Suppose we have an underlying set $S$ and an equivalence relation $\sim$ defined on $S$ inducing the partition $S\backslash\sim=\{[s]_{\sim}:s\in S\}$ of $S$ known as the quotient set where $[s]_{\sim}$ is the equivalence class of $s$ (non-empty since $s\in[s]_{\sim}$ always holds) so that all $t,u\in[s]_{\sim}$ satisfy $t\sim u$.
Clearly to me (by this I mean I suppose intuitively) $S\backslash\sim$ is a class since it's elements are sets (subsets of $S$). I struggle with the formalities of justifying $S\backslash\sim$ is a set, whereas on this site I have seen others struggling with the reverse, that is to show or justify $S\backslash\sim$ is a class: for instance a question about equivalence classes
I am not a set theorist, but do try to follow the very introductory pages of Thomas Jech (Set Theory, 2003, Springer) to keep myself vaguely aware of the axioms of ZF or ZFC, and am guessing these considerations are needed here to resolve my confusion? I am a little cavalier below in my applications of logic so please do forgive me for this, but I want to check how far off the mark I am here.
My attempt;
For all $B\in S\backslash\sim$ define $\psi(B)$ to take the value 1 if all pairs $s,t\in B$ satisfy $s\sim t$ and all points $u\in S\backslash B$ satisfy $u\not\sim s$ for all $s\in B$, and zero if not. I think this definition ensures $B\in S\backslash\sim$ if and only if $\psi(B)=1$ . Then according to Jech $\mathcal{C}$ is a class;
$$\mathcal{C}:=\{X:\psi(X)\}$$
I am guessing this means all members $X$ of $\mathcal{C}$ satisfy $\psi(X)=1$ but for some reason this was not specified (maybe too obvious, although it does not seem too much effort to do this for clarity). Furthermore I have made $X$ as uppercase since I am obsessed with making it clear when $X$ is a set or $x$ is an element of a set, but I see many set theorists don't seem to bother with this (which does not help me at all).

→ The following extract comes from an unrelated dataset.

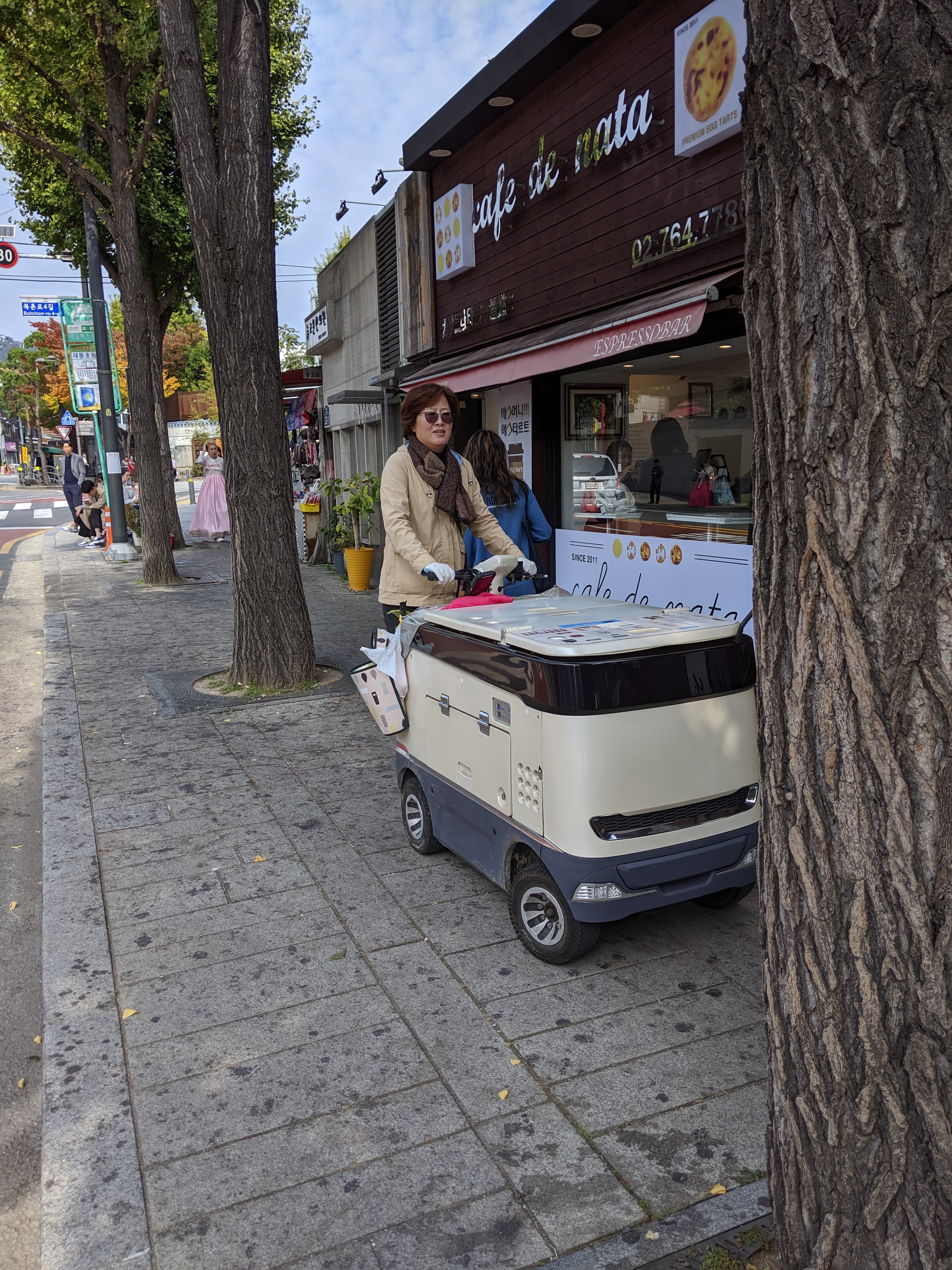 So once we had discussed all things architectural in Seoul (learning conveniently there was an Architecture festival just starting), I bid my goodbyes and then went on the hunt for a yoghurt cart. I just had to see one now that I had been told they were very Korean. So that afternoon my eyes were peeled. Sure enough within barely an hour I spied one. They appeared to be electrically powered and the driver stood on a platform at the back of the cart which had four wheels, the front pair steerable like a car. I was so pleased I saw one for real. Two days later in Busan I saw another cart going about in another market setting, but this one had its own rather fetching umbrella! (second picture below). Clearly this sort of vehicle is suited to the very permeable, intricate, dense urban environment which provided sufficient customers who are willing to pay for the product to be delivered to their premises.

Note that $X$ in the definition of $\mathcal{C}$ seems to come "from nowhere", i.e. I would be tempted to write
$$\mathcal{C}:=\{X\subseteq S:\psi(X)\}$$
I am vaguely aware this change might be a big deal, that is assuming there is some "parent set" from which to draw elements from (in Russell's paradox and the set of all sets this concept seems to be crucial?). In the above I am intending $\phi$ to be a property without parameters, but again Jech is rather vague so I am doing this intuitively. Finally the so called "schema of separation" axiom states that $Y$ defined below is a set if $\phi$ is a property;
$$Y=\{u\in X:\psi(u)\}$$
I am lost here as to whether $X$ is a set or a class since I would write the set $Y$ exists if $\phi$ is a property and $X$ is a class;
$$Y=\{B\in X:\psi(B)=1\}$$
So my question is essentially is $Y=S\backslash \sim$ the justification for $S\backslash \sim$ being a set?
SOME EDITS: In response to comments I use the schema of replacement. I also refine/update my first attempt at defining a property $\psi$. To summarise I think I have shown the quotient set $S\backslash \sim$ is both a class and a set in the "proper" set theory world of ZFC?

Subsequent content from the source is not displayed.